In many cases, iterative prompt refinement may simply represent optimisation of an existing capability rather than the generation of new knowledge. However, in more advanced scenarios involving constrained reasoning frameworks, deterministic inference control, autonomous agent reliability, self-correction architectures, or multi-step orchestration systems, the activity may extend beyond simple prompt engineering into more complex experimental software or systems engineering.

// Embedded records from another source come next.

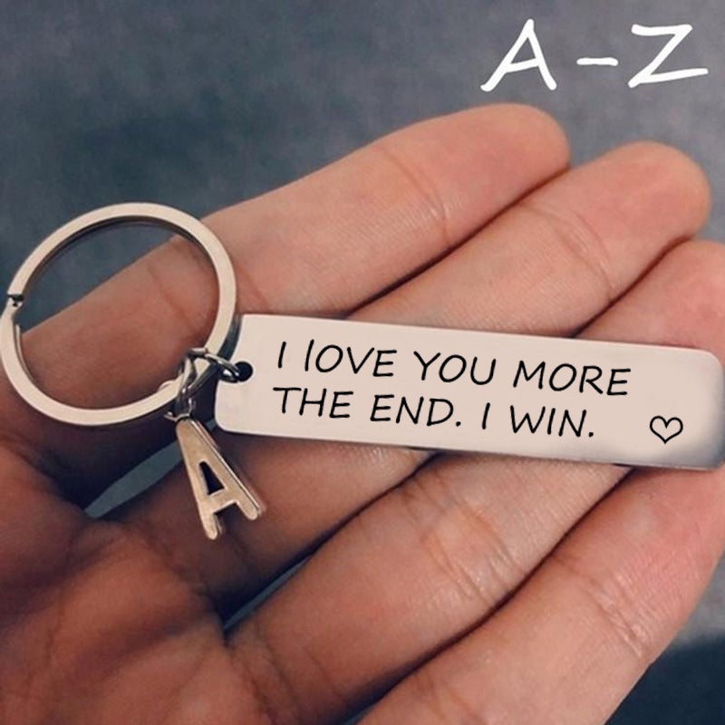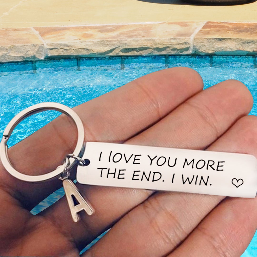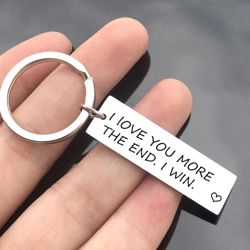 The 'I love you more. The end. I win.' keychain is a cute keychain for your partner in crime to prove that you truly win.
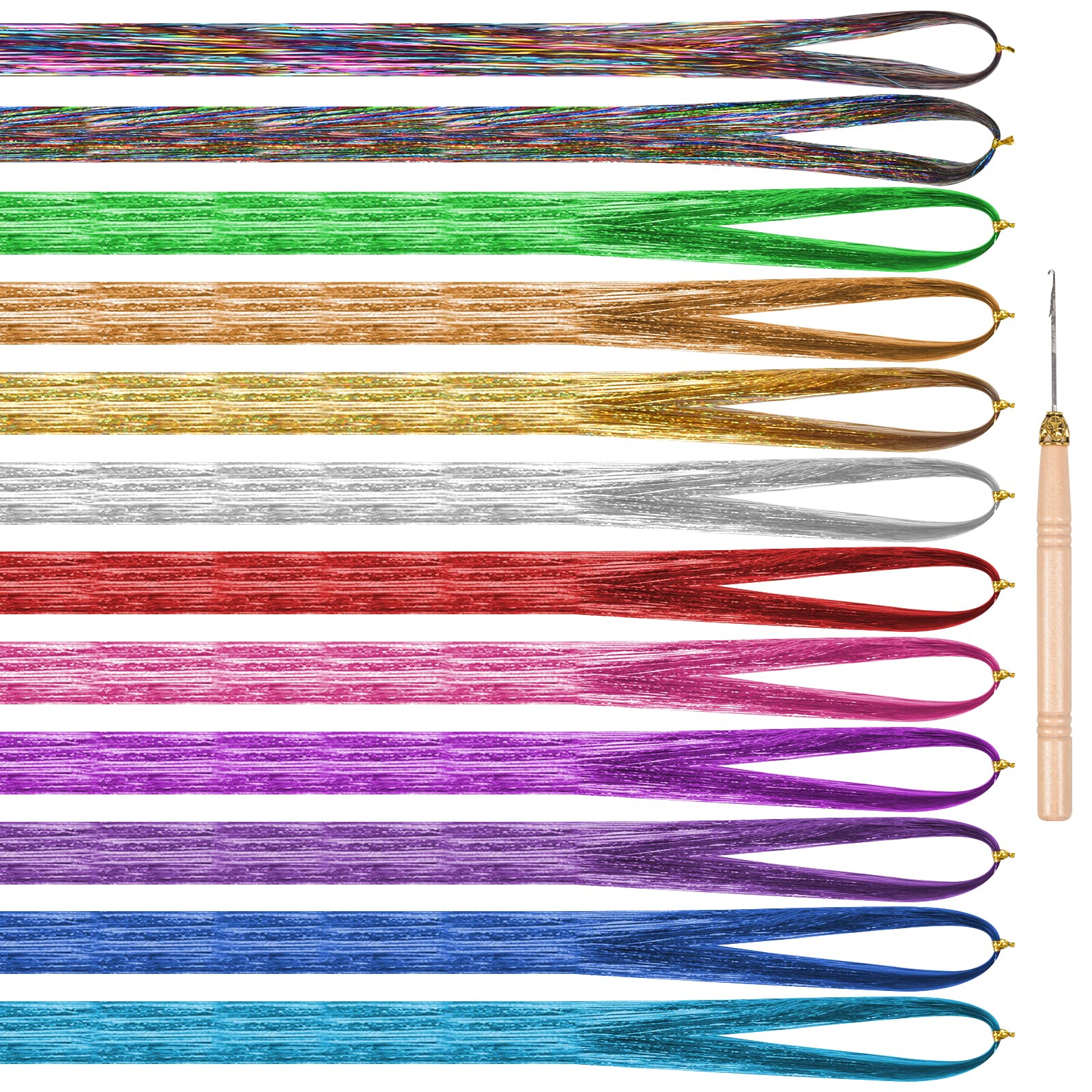Function: Shiny Lametta hair is perfect for fashion girls to celebrate and make yourself the center of attention. Our hair wire is long enough and can be tailored to different lengths as required. You can send these art hair kits to your family and friends as useful and beautiful gifts for birthdays and Christmas. These colored strands of hair can help you to extend and style your hair quickly and easily, which saves you time and effort. Specification: Material: PET gold thread Color: as shown Size: as shown The package includes: 2400 x colored strands of hair 1 x crocheted A notice: Carefully change with tools, otherwise you could injure yourself.suitable for: the hair lametta is suitable for daily use and is also perfect for birthday parties, music festivals, festive events, barbashes, Halloween and themed parties.Lift shiny strands from the crowd.User-friendliness: reduced hair and scalp damage from hair dye.Wigs can be cut, lured and braided and can be used by adults and children, which makes it easy to quickly create a variety of hairstyles at home.haar extension set: The hair extension set has 12 colors, each color has 200 parts, there are a total of 2400 wigs The length of the metal hair extension is 120 cm, you can cut it according to the length of your hair.1 piece of crochet hook to help you weave the wig to the hair.12 sparkling colors: multicolored, colorful, light violet, purple, sky blue, royal blue, red, peach pink, gold, champagne, silver, green Enough to meet your needs of clothing, you can combine different colored wigs for a captivating and striking effect.hohe quality: Colorful hair extensions consist of PET gold thread.High temperature resistance, not easy to break, no bleaching, soft and smooth, easy to care for.Funktion: Glänzendes Lametta-Haar ist perfekt für Fashion-Girls, um zu feiern und dich zum Mittelpunkt der Aufmerksamkeit zu machen. Unser Haardraht ist lang genug und kann je nach Bedarf auf verschiedene Längen zugeschnitten werden. Sie können diese Kunsthaar-Kits als nützliche und schöne Geschenke für Geburtstage und Weihnachten an Ihre Familie und Freunde senden. Diese Farbiger Haarsträhnen können Ihnen helfen, Ihr Haar schnell und einfach zu verlängern und zu stylen, wodurch Sie Zeit und Mühe sparen. Spezifikation: Material: PET-Goldfaden Farbe: wie abgebildet Größe: wie abgebildet Das Paket beinhaltet: 2400 x Farbiger Haarsträhnen 1 x gehäkelt Hinweis: Gehen Sie vorsichtig mit Werkzeugen um, sonst könnten Sie sich verletzen.Geeignet für: Das Haar Lametta ist für den täglichen Gebrauch geeignet und eignet sich auch perfekt für Geburtstagsfeiern, Musikfestivals, festliche Veranstaltungen, Barbashes, Halloween und Themenpartys. Glänzende Strähnen heben Sie von der Masse ab. Benutzerfreundlichkeit: Reduziert Haar- und Kopfhautschäden durch Haarfärbemittel. Perücken können geschnitten, gelockt und geflochten werden und können von Erwachsenen und Kindern verwendet werden, was es einfach macht, schnell eine Vielzahl von Frisuren zu Hause zu kreieren. Haarverlängerungsset: Das Haarverlängerungsset hat 12 Farben, jede Farbe hat 200 Teile, es gibt insgesamt 2400 Perücken Die Länge der Haarverlängerung aus Metall beträgt 120 cm, Sie können sie entsprechend der Länge Ihres Haares zuschneiden. 1 Stück Häkelnadel, um Ihnen zu helfen, die Perücke an das Haar zu weben. 12 funkelnde Farben: mehrfarbig, bunt, hellviolett, lila, himmelblau, königsblau, rot, pfirsichrosa, gold, champagner, silber, grün genug, um Ihren Kleidungsbedürfnissen gerecht zu werden, können Sie verschiedenfarbige Perücken für einen fesselnden und auffälligen Effekt kombinieren. Hohe Qualität: Bunte Haarverlängerungen bestehen aus PET-Goldfaden. Hohe Temperaturbeständigkeit, nicht leicht zu brechen, kein Ausbleichen, weich und glatt, pflegeleicht.Haar Lametta, 2400 Stränge 12 Farben Haarlametta Glitzer Strähnen Haare, Farbiger Haarsträhnen, Haarteil Haarverlängerung Strähnen Extensions mit Häkeln, Haarteile für Frauen Mädchen 120cm
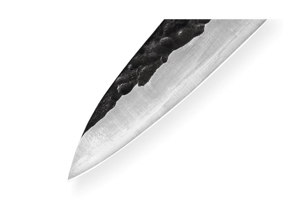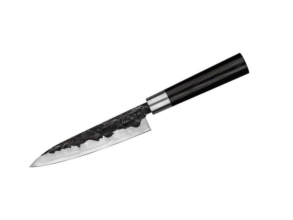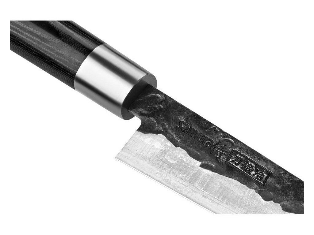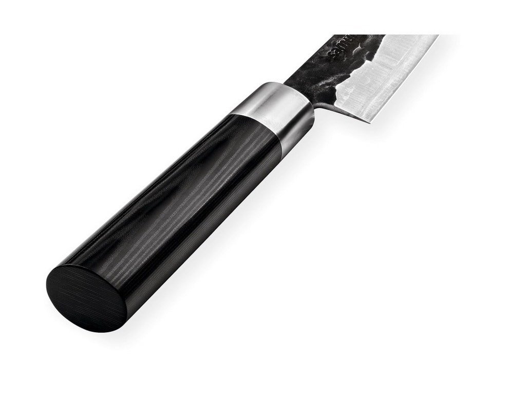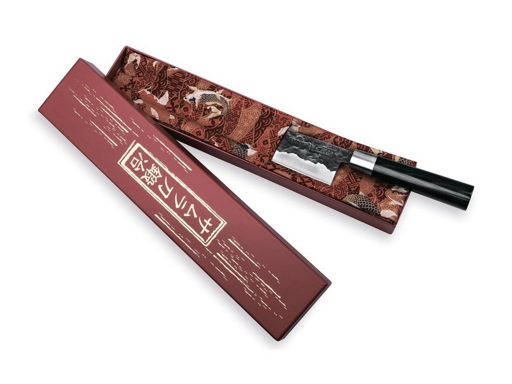 A Samura Blacksmith kések exkluzív konyhai kések, amelyek hagyományos japán formákat kínálnak, tartós micarta kompozit markolattal és kézzel kovácsolt japán AUS-8 rozsdamentes acél pengével. A kézi kovácsolt acél előnye a nagy tartósság és megbízhatóság, valamint a szokatlan megjelenés, mivel minden darab eredeti. A hammered steel felületkezelés nagyon vonzó és biztosítja a sima vágást anélkül, hogy a szeletelt étel tapadna a késhez. A kés egy nagyon szép japán stílusú vászon tasakba van csomagolva, aztán ajándékdobozba.
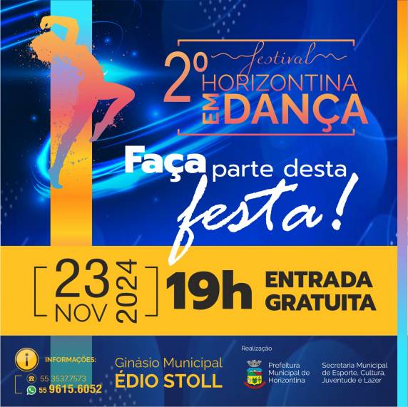 Será no sábado, dia 23, a partir das 19h, no Ginásio Édio Stoll. Entrada gratuita e mais de uma centena de bailarinos de Cias de Dança de vários municípios estarão presentes. Participe. Todos esses eventos sob a coordenação da Secretaria de Esporte, Cultura, Juventude e Lazer. Ingressos Livres. Venha Prestigiar!

As at the time of writing, many of these questions have not been directly addressed by published AAT/ARTA decisions. The rapid pace of AI development also means that the boundary between implementation and experimentation is likely to continue evolving.
Importantly, for AI-related claims, contemporaneous documentation remains critical. In practice, many AI projects involve rapid iteration, informal experimentation, changing datasets, evolving prompts, and continuously modified model configurations. Without sufficient records of hypotheses, technical uncertainties, experiment designs, failed attempts, evaluation metrics, datasets, hyperparameters, and conclusions, even genuinely experimental activities may become difficult to substantiate during review processes.
Given the complexities involved, before claiming LLM-based projects for the RDTI, it is critical to seek expert advice as to whether “the gap between existing knowledge and the hypothesis being investigated… [is] significant enough to require application of the scientific method.” (Body by Michael Pty Ltd v Industry Innovation and Science Australia, ARTA 44 (104) [24 January 2025]) in the context of the specific activities being undertaken.
Davi Kofsky is an Associate Director at Rimon Advisory. With degrees in Artificial Intelligence and Information Systems and over 10 years of RDTI experience, Davi brings a deep technical lens and expertise in modern technologies to the Rimon Advisory team.